On the Missouri tailwater stretches — the regulated sections below the main impoundments that hold brown and rainbow trout year-round — flows are far more stable than on the free-flowing Yellowstone, making them a reliable fallback if the main river colors up. These fisheries tend to hold consistent trout populations through much of runoff season. Walleye on the broader Missouri main stem should be entering an active post-spawn feeding mode typical for mid-May; channel edges and current seams are the traditional holding areas, and jig-and-minnow or live-bait rigs along those edges are the standard spring approach.

Two near-term items worth circling: MT FWP is hosting a public meeting on proposed 2027–2028 fishing regulation changes at the Billings Public Library on May 11 at 6 p.m. — a direct opportunity for anglers fishing these waters to weigh in on 41 preliminary proposals. And the lottery for upper and West Fork Bitterroot commercial use permits closes May 18, per MT FWP, for anyone interested in guided float operations on that restricted river. Conditions can change quickly in May — check USGS gauge 06043500 before loading the truck.

Context

For Montana's Yellowstone and Missouri drainages, early May sits at a seasonal hinge between fishable spring conditions and the roiled high water of peak runoff. The Yellowstone is a snowmelt-driven system, and the timing of peak discharge varies considerably year to year depending on winter snowpack accumulation and spring temperature trajectory. In average years, the upper Yellowstone at Corwin Springs climbs steadily through April and May, reaching peak discharge — frequently in the high thousands of cfs — sometime between mid-May and mid-June before dropping back to summer baseflows. A May 10 reading of 1,070 cfs is consistent with an early-to-mid buildup phase, before the main runoff pulse has fully developed. Whether this season is running early, late, or on schedule relative to historical averages cannot be determined from the data available this week.

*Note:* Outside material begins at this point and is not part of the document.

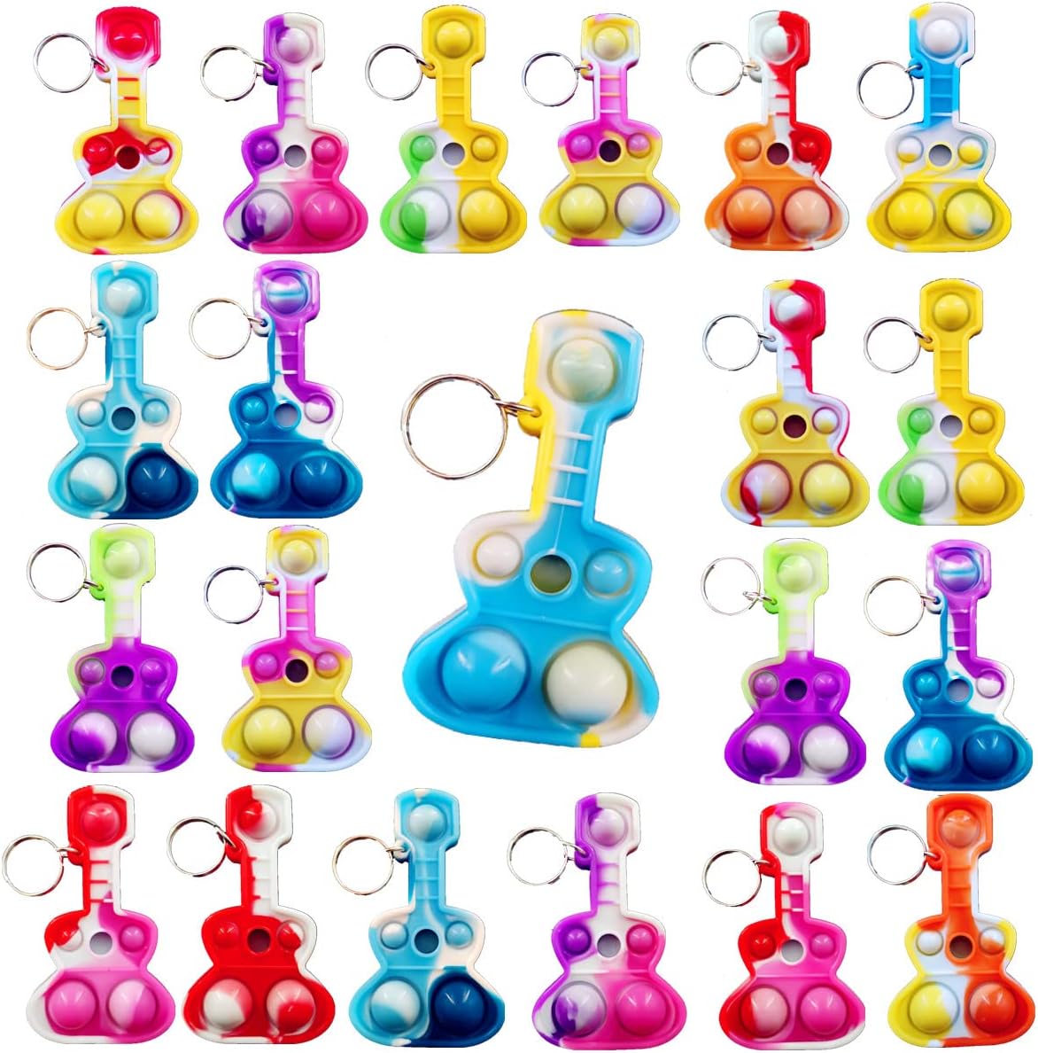 2,Fabricated from silicone,bundle included:30 pcs mini pop Guitar form key chains,Random shade to ship

The PFAS story is the standout contextual development shaping the 2026 season across Montana. MT FWP, alongside state health and environmental agencies, released formal fish consumption advisories after testing detected PFAS chemicals in fish tissue from some Montana waterbodies. Flylords Mag also reported that an internal FWP document showing contamination had reportedly been suppressed since 2024 before this public disclosure. The specific affected waters are not enumerated in the available feeds, but this is a meaningful shift in the health calculus for anglers who regularly eat their catch — particularly on waters near agricultural or industrial land use. Consulting the current MT FWP advisory page directly is the only reliable way to determine whether a specific stretch is affected.

From a hatch perspective, Hatch Magazine's coverage of Yellowstone-system caddis emergences is a useful seasonal reminder: late spring marks the transition toward the region's most productive dry-fly conditions, but that window typically opens in earnest after runoff subsides and clarity returns — usually June on the free-flowing upper Yellowstone, with tailwater fisheries often coming on sooner. Anglers targeting the pre-runoff window now are fishing ahead of that prime window, which can mean less competition and respectable nymph fishing if conditions cooperate.

This report is synthesized by Hooked Fisherman from real-time NOAA buoy data, USGS stream gauges, and current reports across regional fishing blogs, captain updates, and angler forums. Source names are cited inline where they appear. Check local regulations before keeping fish. Never trust a single source for a trip decision.